**Description of the task:** The following data has a line with "In het rapport 'Controle_Verrichtingen'" and a line with "FRISCO, TX–It was". Write out exactly those lines and all the lines between them.
::: Information supplied
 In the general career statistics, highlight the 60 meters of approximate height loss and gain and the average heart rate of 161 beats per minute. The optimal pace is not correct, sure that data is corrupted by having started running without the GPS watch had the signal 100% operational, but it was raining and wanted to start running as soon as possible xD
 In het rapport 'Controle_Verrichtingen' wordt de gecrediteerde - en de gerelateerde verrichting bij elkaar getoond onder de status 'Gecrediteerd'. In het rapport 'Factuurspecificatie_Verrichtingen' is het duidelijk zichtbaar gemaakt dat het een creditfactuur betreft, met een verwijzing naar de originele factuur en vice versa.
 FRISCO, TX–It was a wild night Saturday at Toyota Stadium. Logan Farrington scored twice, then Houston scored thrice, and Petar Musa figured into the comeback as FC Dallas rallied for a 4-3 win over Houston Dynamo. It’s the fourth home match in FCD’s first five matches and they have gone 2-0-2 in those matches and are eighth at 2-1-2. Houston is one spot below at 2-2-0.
::::::
::: Information supplied
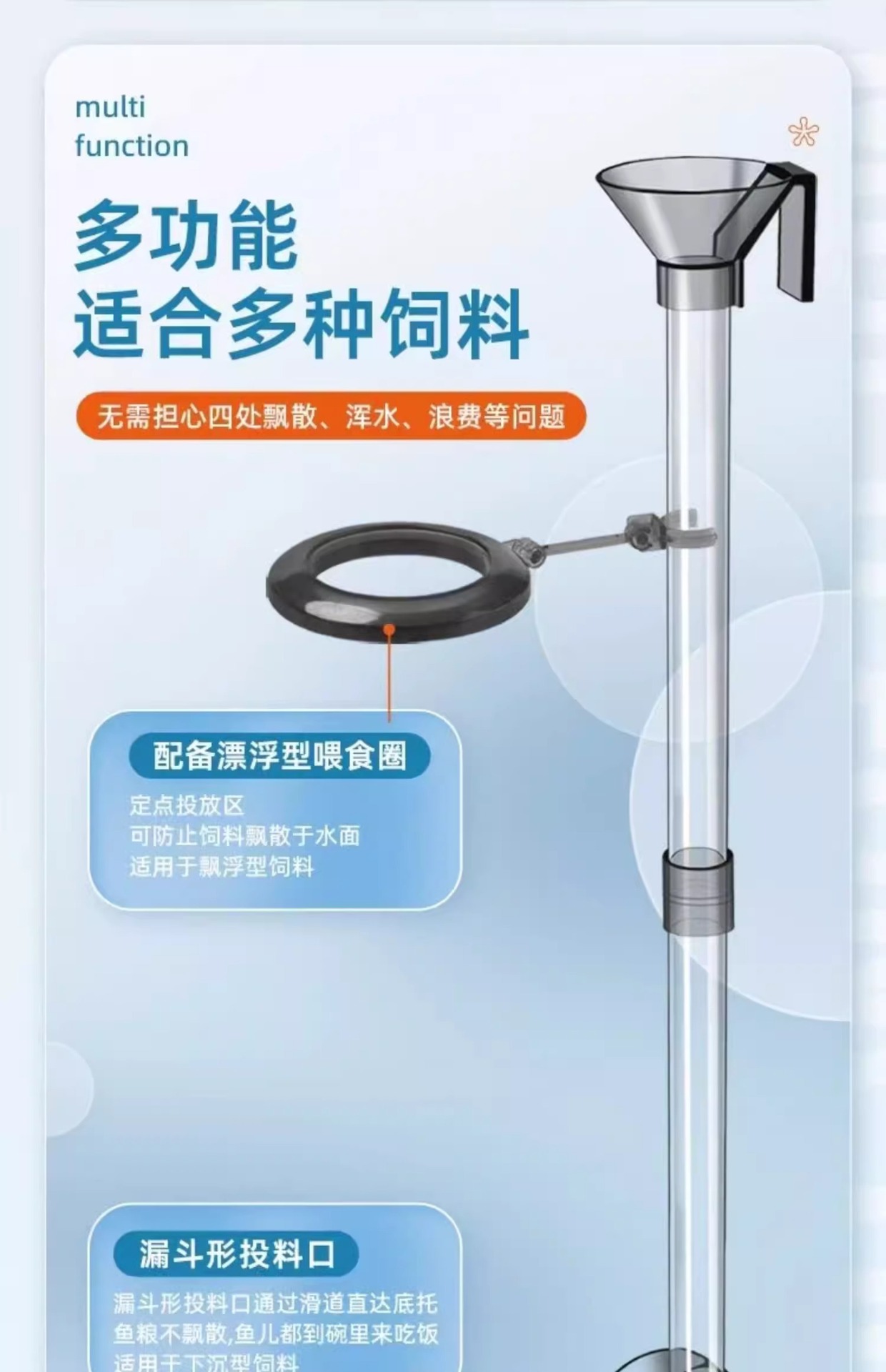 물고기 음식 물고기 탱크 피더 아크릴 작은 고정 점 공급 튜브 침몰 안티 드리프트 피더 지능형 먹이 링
::::::
::: Information supplied
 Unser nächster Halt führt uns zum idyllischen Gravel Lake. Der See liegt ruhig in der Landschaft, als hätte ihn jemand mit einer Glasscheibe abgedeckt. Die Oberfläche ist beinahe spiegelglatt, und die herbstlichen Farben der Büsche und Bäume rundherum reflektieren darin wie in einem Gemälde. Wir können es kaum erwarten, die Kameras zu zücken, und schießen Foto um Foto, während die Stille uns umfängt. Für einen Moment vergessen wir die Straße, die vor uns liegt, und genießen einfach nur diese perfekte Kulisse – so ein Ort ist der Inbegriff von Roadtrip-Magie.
::::::
**Exercise output:**
 In het rapport 'Controle_Verrichtingen' wordt de gecrediteerde - en de gerelateerde verrichting bij elkaar getoond onder de status 'Gecrediteerd'. In het rapport 'Factuurspecificatie_Verrichtingen' is het duidelijk zichtbaar gemaakt dat het een creditfactuur betreft, met een verwijzing naar de originele factuur en vice versa.
 FRISCO, TX–It was a wild night Saturday at Toyota Stadium. Logan Farrington scored twice, then Houston scored thrice, and Petar Musa figured into the comeback as FC Dallas rallied for a 4-3 win over Houston Dynamo. It’s the fourth home match in FCD’s first five matches and they have gone 2-0-2 in those matches and are eighth at 2-1-2. Houston is one spot below at 2-2-0.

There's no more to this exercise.